This levy was pledged to substantially increase funding ringfenced for health and social care over the next three years and is to be funded by a new tax: the Health and Social Care Levy.

The 1.25% Health and Social Care levy will be a separate tax to Income Tax and National Insurance and means that people starting care from October 2023 would not pay more than £86,000 over their lifetime (not including accommodation) and those with assets of less than £20,000 will not make any contribution.

From April 2022, National Insurance contributions (NIC's) will increase by 1.25% for businesses, employees and the self-employed. 

From April 2023, National Insurance will return to its former level and the new legislatively separate Health and Social Care Levy will be introduced, also at 1.25%.

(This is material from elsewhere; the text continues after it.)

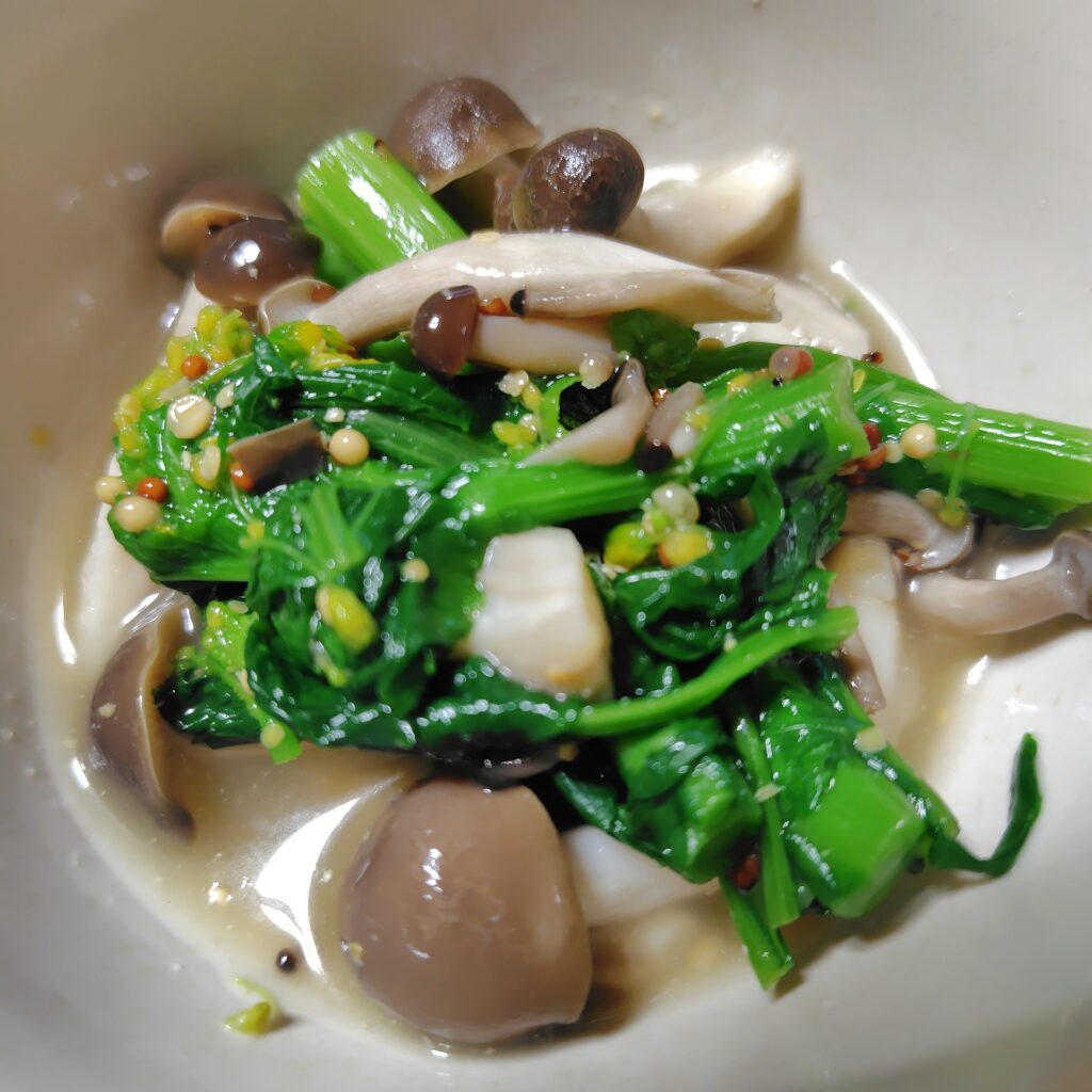 菜の花としめじの和え物粒マスタード風味

This will be paid by businesses, their employees and the self-employed and will also apply to working pensioners, who cease to pay National Insurance once they reach retirement age.

Those earning less than £9,564 won’t have to pay National Insurance or the new levy.

The latest National Insurance rates and thresholds guidance for employers from 2021 to 2022 has been updated click here

Dividend income tax rates in all income tax bands will also increase by 1.25% from April 2022.

More information will follow once further guidance has been made available.   In the meantime business owners will need to consider the financial impact on their business and if you want to talk through the changes or would like further advice please do contact us.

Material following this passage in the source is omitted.